The following code is an example of iterating using nested queries:

$cat_rs = mysql_query("select id, name from categories");
while($cat_row = mysql_fetch_array($cat_rs)){
     // print category name from $cat_row[1]
     $forum_rs = mysql_query("select name... "
                          . "from forums "
                          . "where cat_id = '" . $cat_row[0] ."'");
     while($forum_row = mysql_fetch_array($forum_rs)){
        //print forum stuff
     }
}

Although this matches the hierarchical nature of the data, and is pretty straightforward and intuitive to understand, it is somewhat inefficient; it issues a select statement for each category, plus one to list the categories in the first place. If there are many categories, the page might take some time to load as all queries are issued and processed.

Using a SQL JOIN: a single resultset

Another way to solve the problem would be to retrieve all relevant data in a single resultset, and use PHP to iterate over the rows, deciding on when to print each individual section.

A join will give you a single recordset with the category in one column, and the forum in another, giving you many rows for a single category.
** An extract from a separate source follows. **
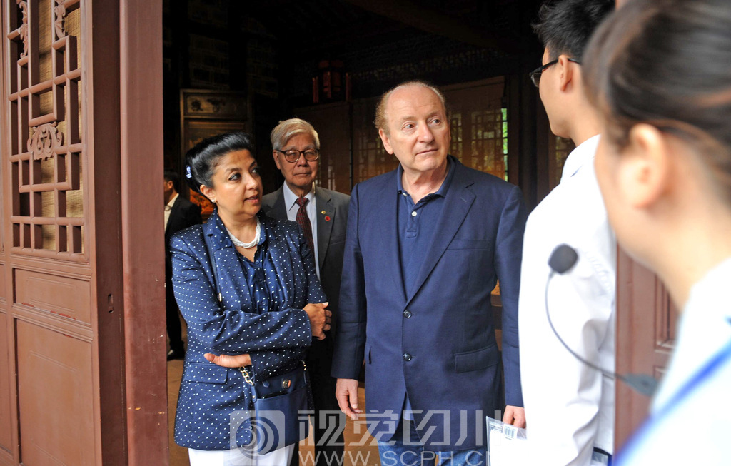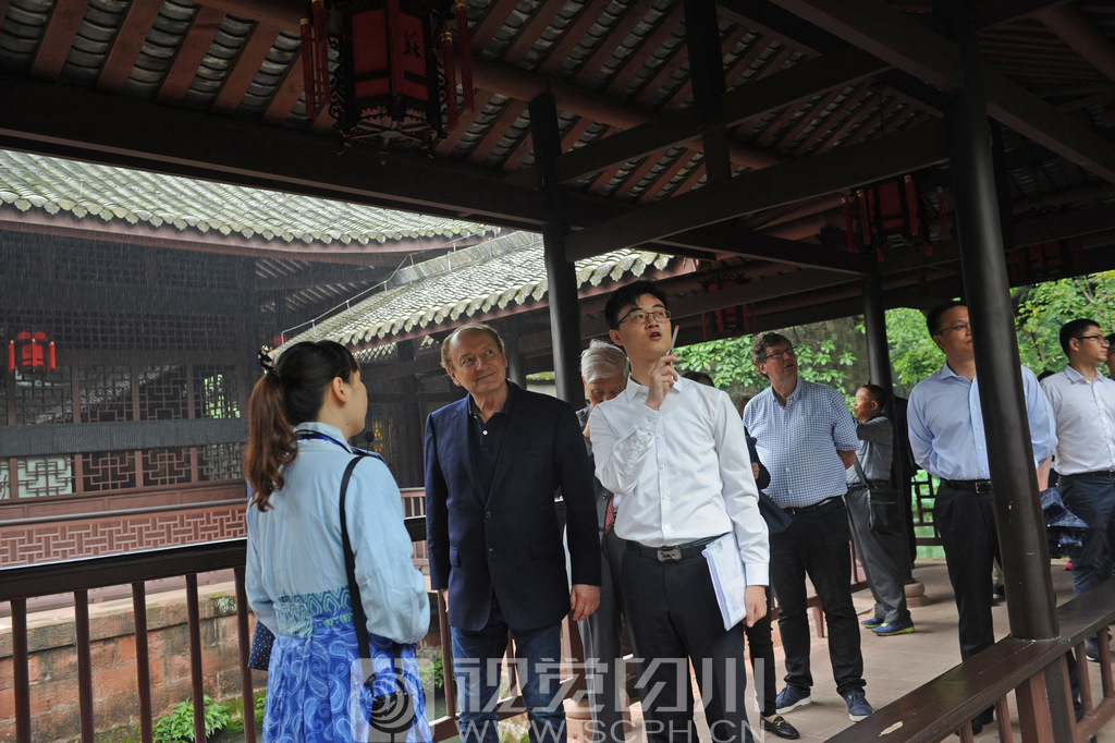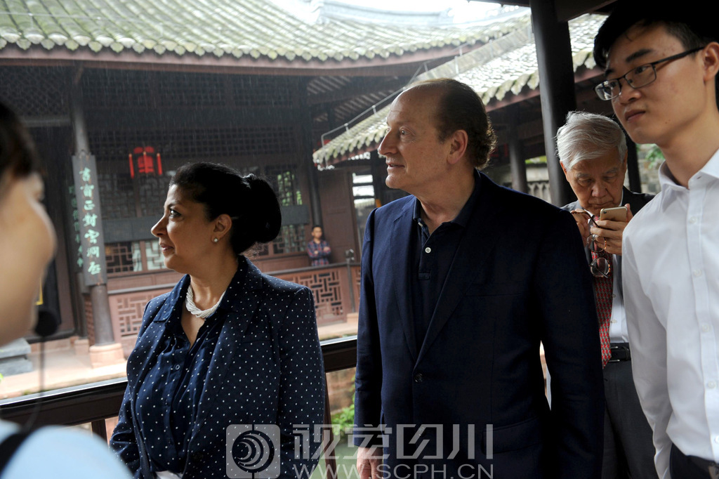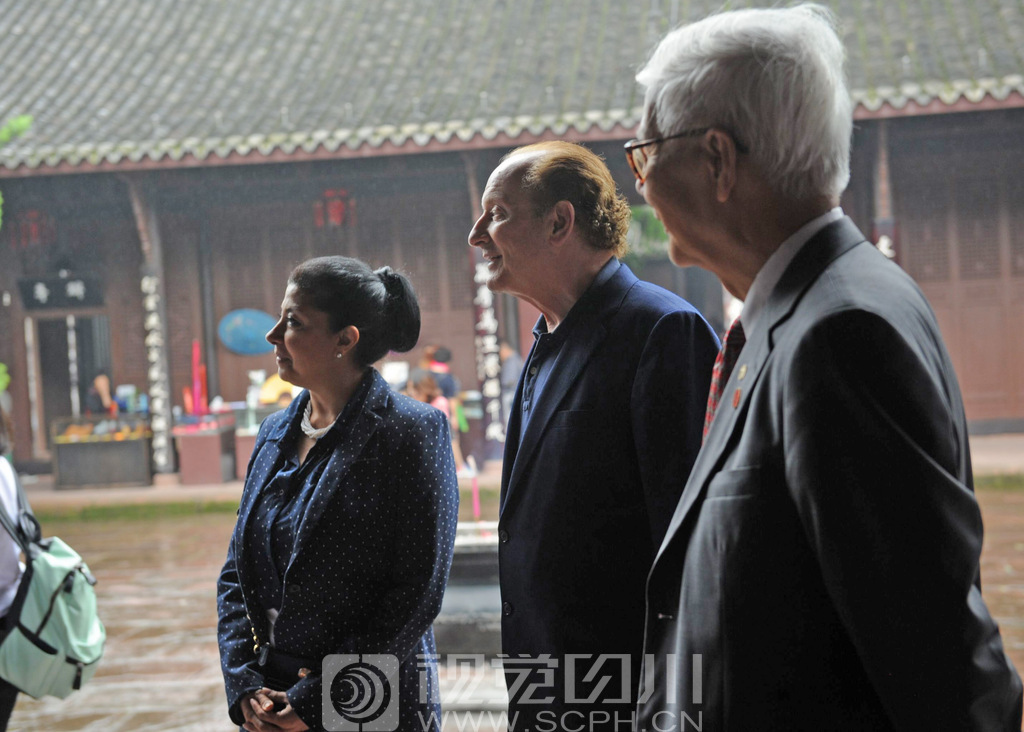 罗伯特·默顿(中)及夫人(左)在三苏祠参观。

$join_rs = mysql_query("select c.id, c.name, f.name,... "
                        . "from categories c inner join forums f "
                        . "on c.id = f.cat_id "
                        . "order by c.id"); // this line is crucial
$current_category = "";
while($join_row = mysql_fetch_array($join_rs)){
	if($join_row[0] != $current_category){
                //set up new category headings here
                $current_category = $join_row[0];
        }
        //print the forum stuff in the current category
}

The PHP is a bit more complex, because you have to close divs or tables correctly, within the loop. The order by line in the above example is vital, because without it, the categories may be dotted throughout the resultset. As we want all forum data related to a single category to appear together, we want rows belonging to that category to be adjacent in the resultset. The order by clause achieves this.

Despite the complexity, there are still benefits to this approach. The earlier example was simple and intuitive, using nested queries for each parent element. On the other hand, in this example we’ve only issued one select statement, so the page is likely to load more quickly, given that the number of round trips to MySQL will be substantially fewer.